| Exercise instructions |
All that is needed is the lines from the one containing "ชุดปักเลื่อมสุ" through the end of the listing, printed exactly, with no pictures among them.

#### Given data

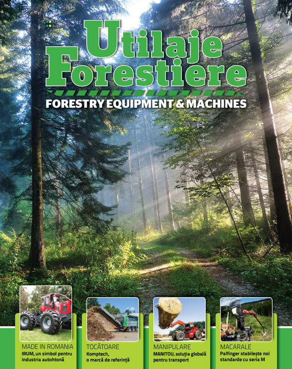 Reviste Utilaje forestiere – din sumar: MADE IN ROMANIA – IRUM, un simbol pentru industria autohtona; TOCATOARE – Komptech, o marca de referinta; MANIPULARE – MANITOU, solutia globala pentru transport; MACARALE – Palfinger stabileste noi standarde cu seria M.
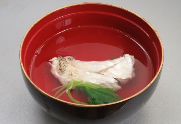 シロアマダイの吸物(白川の吸物) 潮汁以上に身質の良し悪しが問われるのが吸物である。切り身に振り塩をして出て来た水分をよく拭き取る。吸い地(カツオ節出し・酒・塩)に切り身をくぐらせて陸揚げしておく、身が落ち着いたら、新しい吸い地に落とす。吸い地とともに口の中でふんわりとほぐれるそが実に官能的。クリックで閉じます![]()
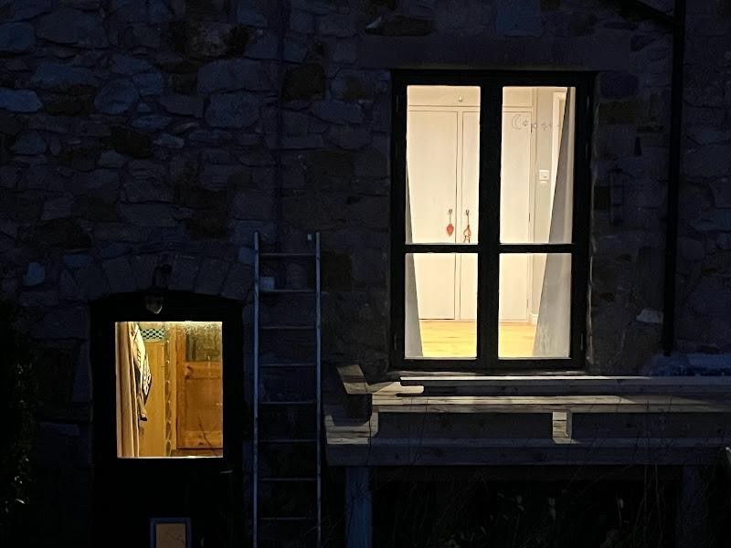 In November 2025, looking at our Barn from the outside on a dark evening the building and adjacent sheds looked like a well lit.
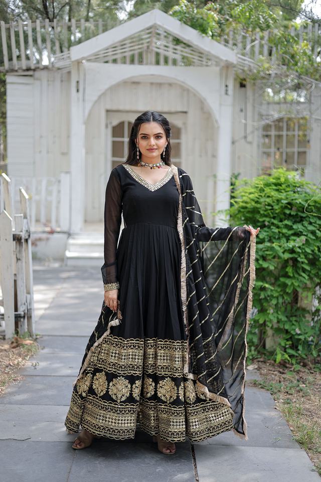 ชุดปักเลื่อมสุดหรูผ้าลูกไม้บานปักเลื่อมสีดำน้ำตาลเข้มชุดผ้าสองชั้น3.5มีขอบ
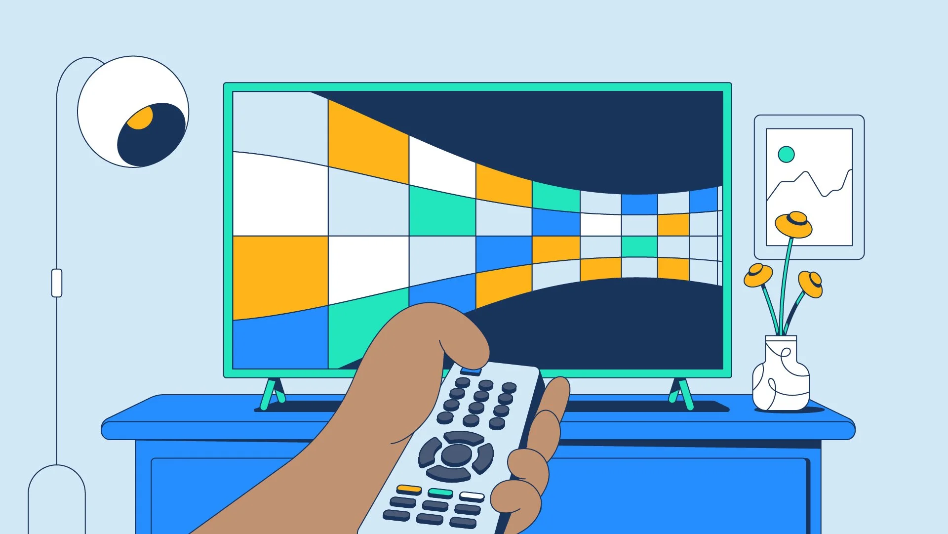 Person holding a remote control watching a television with a pattern of colorful squares on the screen, in a room decorated with a potted plant, a picture frame with a graph, and a ceiling light.
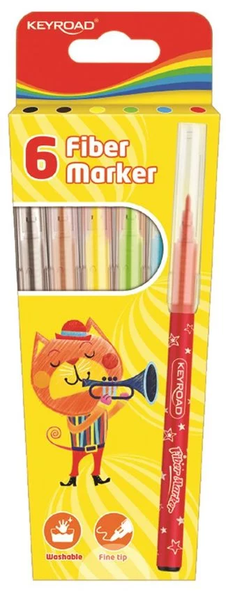 Flamastry Keyroad Fiber Marker 6Szt. Na Zawieszce Mix Kolorów

########

| Answer space |
 ชุดปักเลื่อมสุดหรูผ้าลูกไม้บานปักเลื่อมสีดำน้ำตาลเข้มชุดผ้าสองชั้น3.5มีขอบ
 Person holding a remote control watching a television with a pattern of colorful squares on the screen, in a room decorated with a potted plant, a picture frame with a graph, and a ceiling light.
 Flamastry Keyroad Fiber Marker 6Szt. Na Zawieszce Mix Kolorów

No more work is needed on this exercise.